» **Items listed in a dataset**:
================================
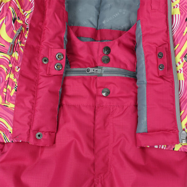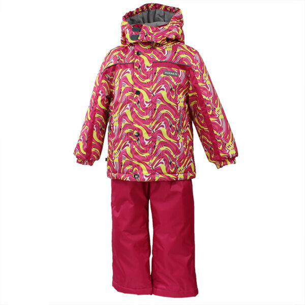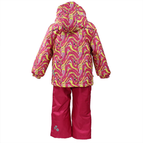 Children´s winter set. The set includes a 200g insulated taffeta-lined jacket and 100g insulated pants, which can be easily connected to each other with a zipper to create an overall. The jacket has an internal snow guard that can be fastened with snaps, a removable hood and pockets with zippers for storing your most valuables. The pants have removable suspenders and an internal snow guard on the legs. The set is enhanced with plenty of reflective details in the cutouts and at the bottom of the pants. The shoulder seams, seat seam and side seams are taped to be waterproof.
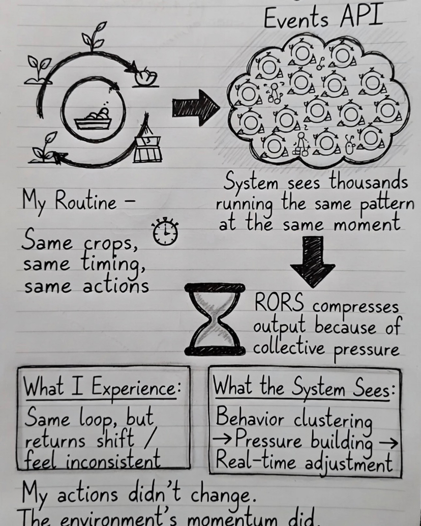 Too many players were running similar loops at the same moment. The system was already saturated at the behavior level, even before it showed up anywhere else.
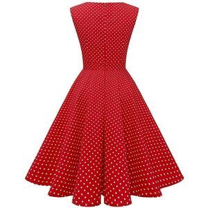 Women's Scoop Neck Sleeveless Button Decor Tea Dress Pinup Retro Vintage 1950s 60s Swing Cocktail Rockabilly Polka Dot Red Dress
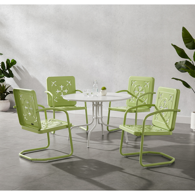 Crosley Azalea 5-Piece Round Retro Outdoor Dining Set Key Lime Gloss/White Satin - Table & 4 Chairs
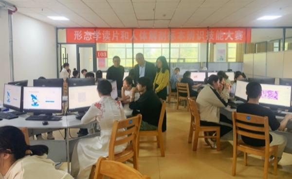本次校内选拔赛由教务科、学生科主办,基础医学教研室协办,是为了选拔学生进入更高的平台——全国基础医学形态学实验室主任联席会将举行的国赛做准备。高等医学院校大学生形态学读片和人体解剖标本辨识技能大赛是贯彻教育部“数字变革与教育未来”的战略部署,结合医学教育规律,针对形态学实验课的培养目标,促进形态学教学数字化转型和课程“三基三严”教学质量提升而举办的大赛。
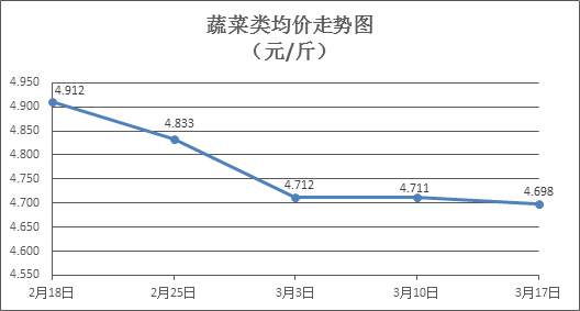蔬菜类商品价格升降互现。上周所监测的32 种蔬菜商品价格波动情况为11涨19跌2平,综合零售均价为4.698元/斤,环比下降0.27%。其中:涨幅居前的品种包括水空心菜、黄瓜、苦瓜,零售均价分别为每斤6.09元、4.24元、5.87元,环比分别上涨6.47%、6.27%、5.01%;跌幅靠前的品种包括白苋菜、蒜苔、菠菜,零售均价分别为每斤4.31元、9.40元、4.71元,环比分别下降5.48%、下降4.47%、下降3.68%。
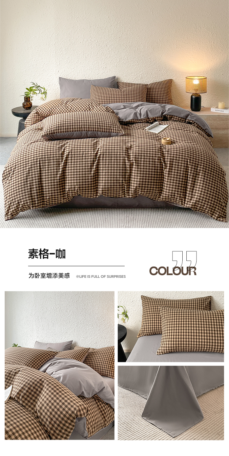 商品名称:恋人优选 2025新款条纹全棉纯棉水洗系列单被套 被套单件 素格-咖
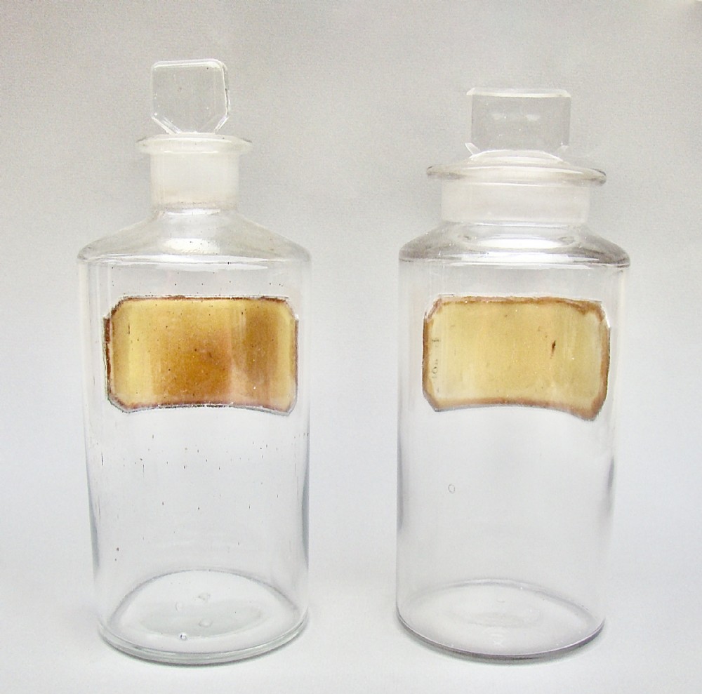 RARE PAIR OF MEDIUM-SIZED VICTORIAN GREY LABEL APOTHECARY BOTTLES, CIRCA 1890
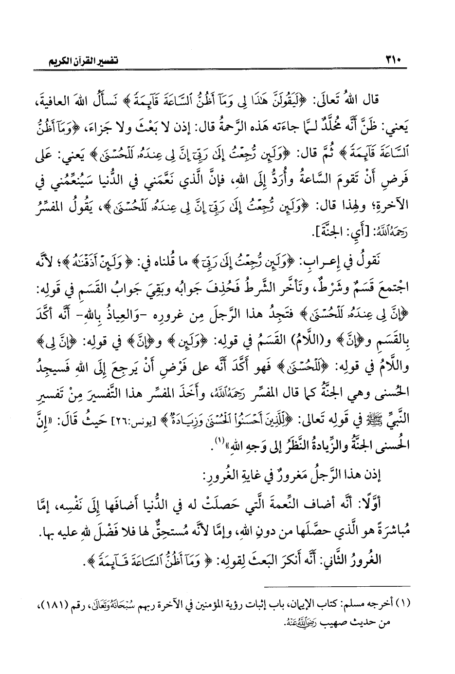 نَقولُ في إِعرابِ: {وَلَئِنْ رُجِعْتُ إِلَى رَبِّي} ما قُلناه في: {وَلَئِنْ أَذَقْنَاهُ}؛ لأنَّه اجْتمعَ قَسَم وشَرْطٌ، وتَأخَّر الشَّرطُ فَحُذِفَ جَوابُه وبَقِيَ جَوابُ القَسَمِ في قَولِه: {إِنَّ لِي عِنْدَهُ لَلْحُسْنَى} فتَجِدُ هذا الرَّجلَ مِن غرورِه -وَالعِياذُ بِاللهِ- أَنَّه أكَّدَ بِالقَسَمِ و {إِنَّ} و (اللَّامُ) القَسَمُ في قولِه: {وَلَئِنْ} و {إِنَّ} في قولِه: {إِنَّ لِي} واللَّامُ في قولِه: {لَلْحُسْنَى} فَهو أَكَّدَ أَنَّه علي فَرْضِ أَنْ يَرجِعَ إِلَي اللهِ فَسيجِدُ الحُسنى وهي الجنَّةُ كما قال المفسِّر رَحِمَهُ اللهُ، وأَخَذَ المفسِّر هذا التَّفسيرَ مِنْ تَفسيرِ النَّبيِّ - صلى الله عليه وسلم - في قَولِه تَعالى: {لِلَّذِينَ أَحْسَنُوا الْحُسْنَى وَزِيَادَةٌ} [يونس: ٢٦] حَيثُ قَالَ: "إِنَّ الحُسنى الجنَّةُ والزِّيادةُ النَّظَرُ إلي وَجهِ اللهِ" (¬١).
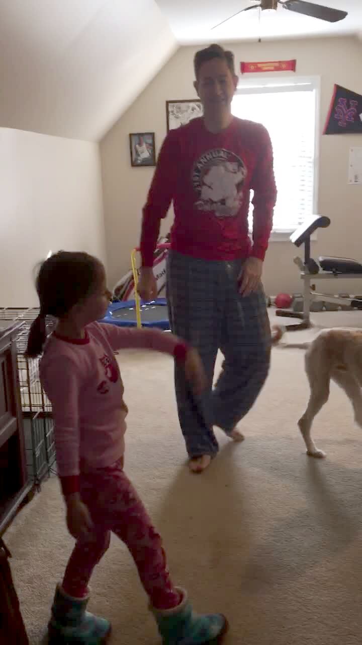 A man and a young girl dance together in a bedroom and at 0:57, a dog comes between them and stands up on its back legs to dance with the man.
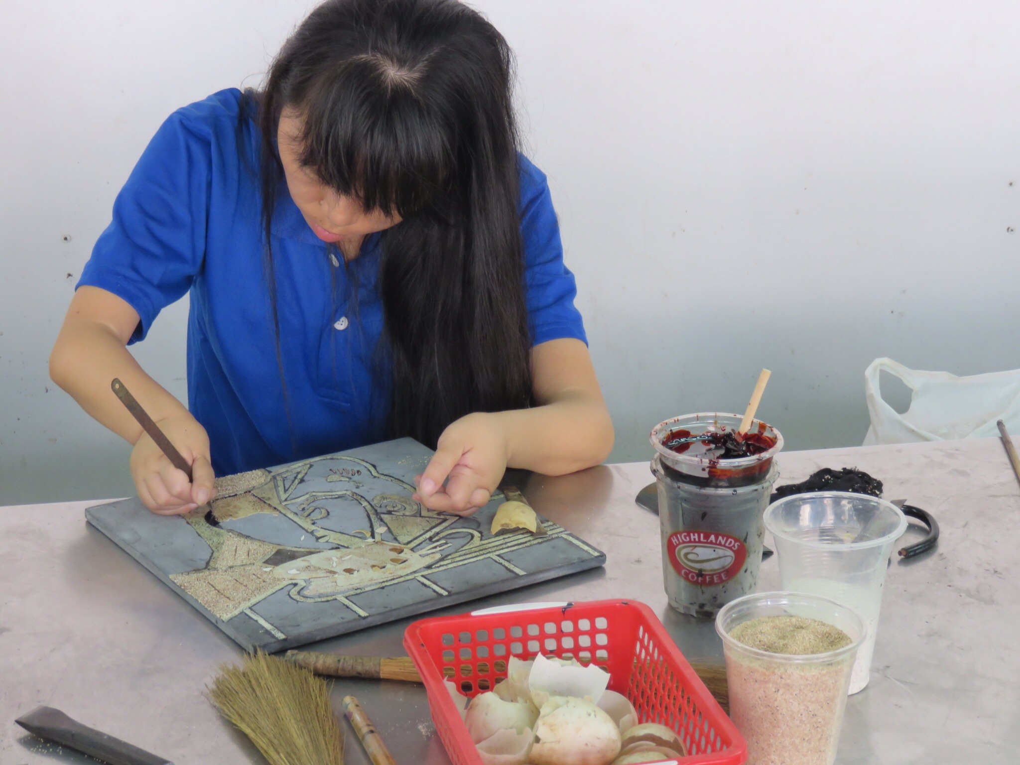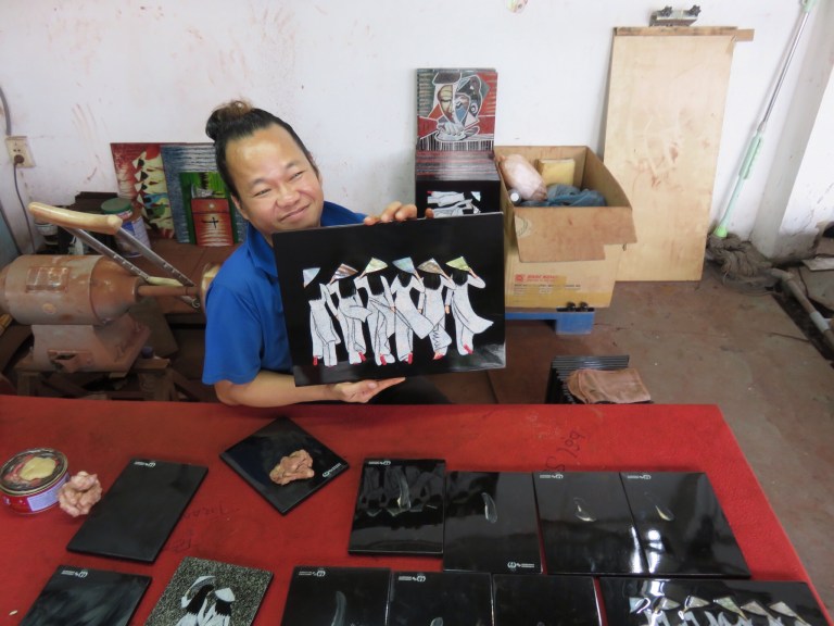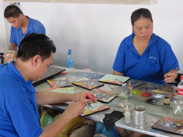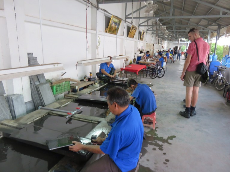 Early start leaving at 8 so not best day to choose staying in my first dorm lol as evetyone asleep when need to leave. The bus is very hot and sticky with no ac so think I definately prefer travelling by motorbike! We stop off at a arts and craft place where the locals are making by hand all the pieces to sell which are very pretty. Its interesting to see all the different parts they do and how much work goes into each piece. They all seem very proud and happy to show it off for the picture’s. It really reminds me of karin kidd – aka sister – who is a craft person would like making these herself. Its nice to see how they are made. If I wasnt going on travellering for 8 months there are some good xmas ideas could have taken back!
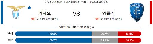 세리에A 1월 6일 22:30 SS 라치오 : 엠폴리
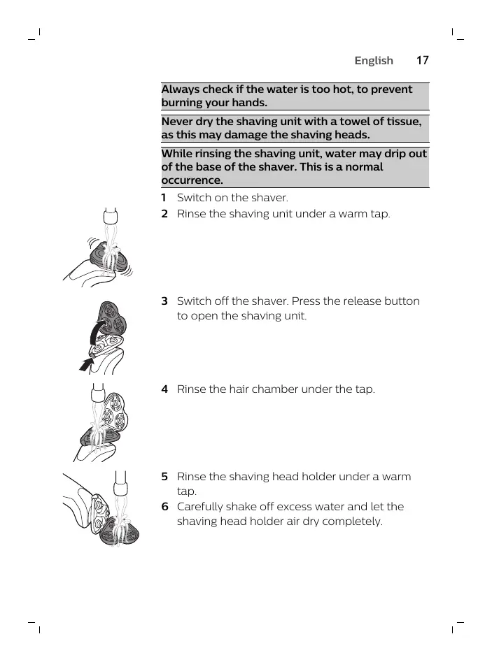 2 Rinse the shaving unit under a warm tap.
================================
» **EXERCISE**:
Although the records above contain pictures, the copy must not; set down exactly the lines from the one with "RARE PAIR OF" up to and including the one with "A man and a".

» **THE COMPLETED TASK**:
 RARE PAIR OF MEDIUM-SIZED VICTORIAN GREY LABEL APOTHECARY BOTTLES, CIRCA 1890
 نَقولُ في إِعرابِ: {وَلَئِنْ رُجِعْتُ إِلَى رَبِّي} ما قُلناه في: {وَلَئِنْ أَذَقْنَاهُ}؛ لأنَّه اجْتمعَ قَسَم وشَرْطٌ، وتَأخَّر الشَّرطُ فَحُذِفَ جَوابُه وبَقِيَ جَوابُ القَسَمِ في قَولِه: {إِنَّ لِي عِنْدَهُ لَلْحُسْنَى} فتَجِدُ هذا الرَّجلَ مِن غرورِه -وَالعِياذُ بِاللهِ- أَنَّه أكَّدَ بِالقَسَمِ و {إِنَّ} و (اللَّامُ) القَسَمُ في قولِه: {وَلَئِنْ} و {إِنَّ} في قولِه: {إِنَّ لِي} واللَّامُ في قولِه: {لَلْحُسْنَى} فَهو أَكَّدَ أَنَّه علي فَرْضِ أَنْ يَرجِعَ إِلَي اللهِ فَسيجِدُ الحُسنى وهي الجنَّةُ كما قال المفسِّر رَحِمَهُ اللهُ، وأَخَذَ المفسِّر هذا التَّفسيرَ مِنْ تَفسيرِ النَّبيِّ - صلى الله عليه وسلم - في قَولِه تَعالى: {لِلَّذِينَ أَحْسَنُوا الْحُسْنَى وَزِيَادَةٌ} [يونس: ٢٦] حَيثُ قَالَ: "إِنَّ الحُسنى الجنَّةُ والزِّيادةُ النَّظَرُ إلي وَجهِ اللهِ" (¬١).
 A man and a young girl dance together in a bedroom and at 0:57, a dog comes between them and stands up on its back legs to dance with the man.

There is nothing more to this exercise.